DATA BELOW:
▶
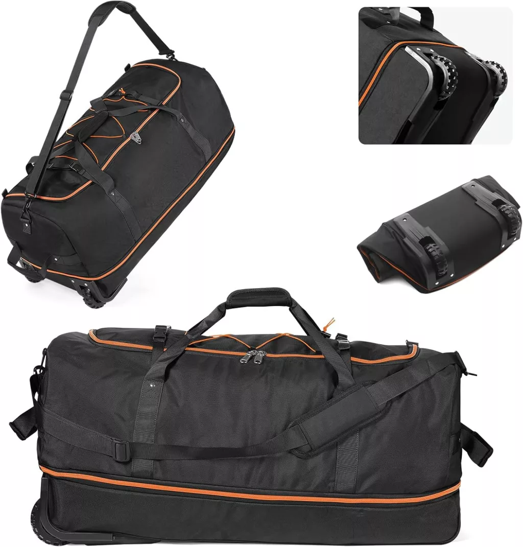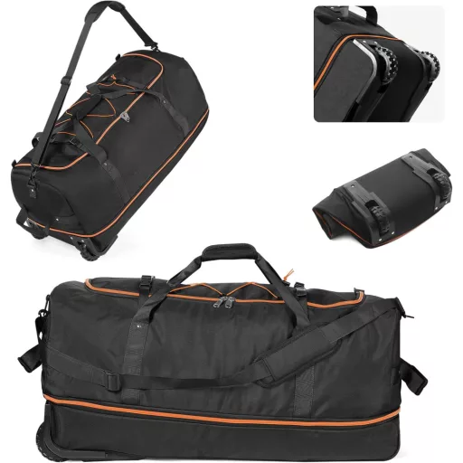 YHYEH 32 Inch Utazótáska Kerekekkel, Bővíthető 110-140L, Puha Oldalú Gurulós Bőrönd Fekete/Narancs
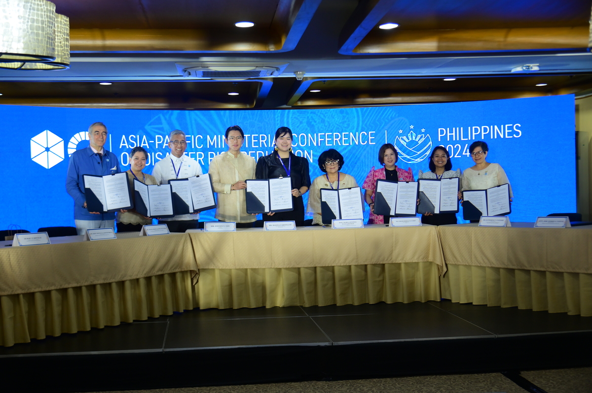 Pictured: Hans Sy and Hanna Carinna Sy with His Excellency Kamal Kishore, Head of the UNDRR and Hon. Marco Toscano-Rivalta, Chief of UNDRR Regional Office for Asia Pacific, during the Save From Extinction MOU signing event
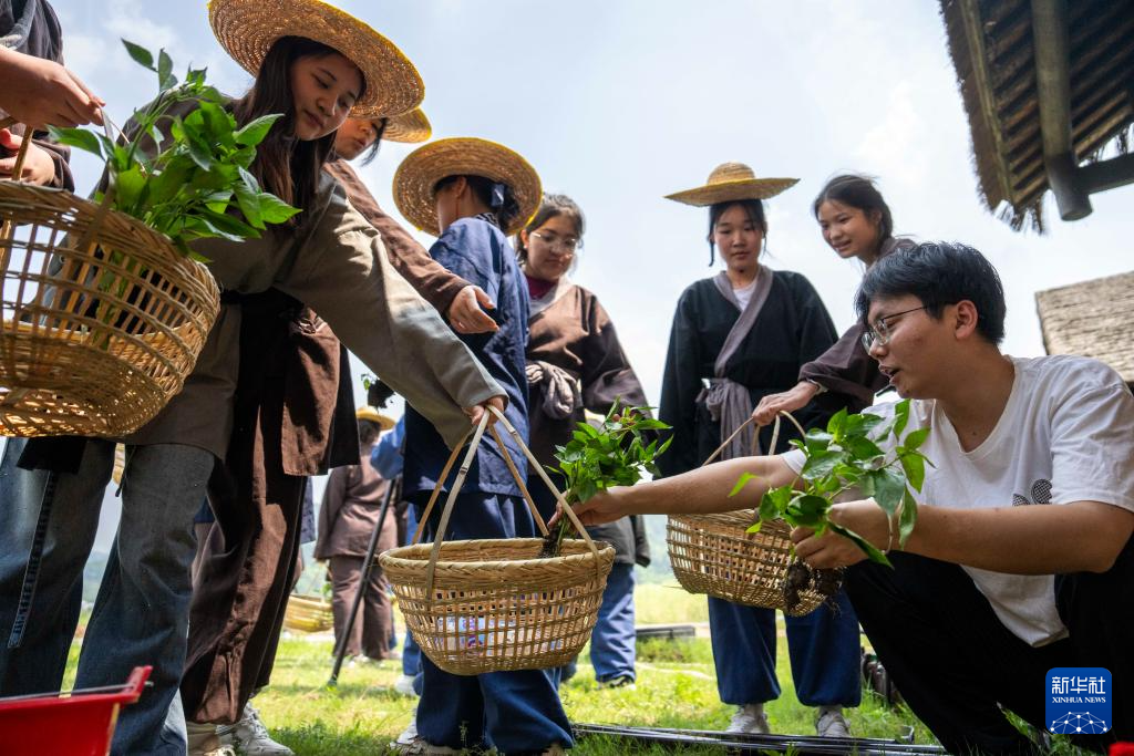 4月28日,在宁乡市炭河古城景区,学生在进行农耕实践。
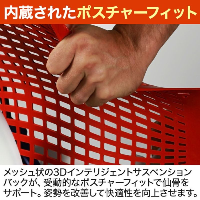 メッシュ状の3Dインテリジェントサスペンションバックが、受動的なポスチャーフィットで仙骨をサポート。腰を少し前傾させて背骨を健全な位置に保ち、姿勢を改善して快適性を向上させます。
◀
THE TASK: Pictures included in the data should be dropped; everything else must be repeated exactly.

TASK SOLUTION:
 YHYEH 32 Inch Utazótáska Kerekekkel, Bővíthető 110-140L, Puha Oldalú Gurulós Bőrönd Fekete/Narancs
 Pictured: Hans Sy and Hanna Carinna Sy with His Excellency Kamal Kishore, Head of the UNDRR and Hon. Marco Toscano-Rivalta, Chief of UNDRR Regional Office for Asia Pacific, during the Save From Extinction MOU signing event
 4月28日,在宁乡市炭河古城景区,学生在进行农耕实践。
 メッシュ状の3Dインテリジェントサスペンションバックが、受動的なポスチャーフィットで仙骨をサポート。腰を少し前傾させて背骨を健全な位置に保ち、姿勢を改善して快適性を向上させます。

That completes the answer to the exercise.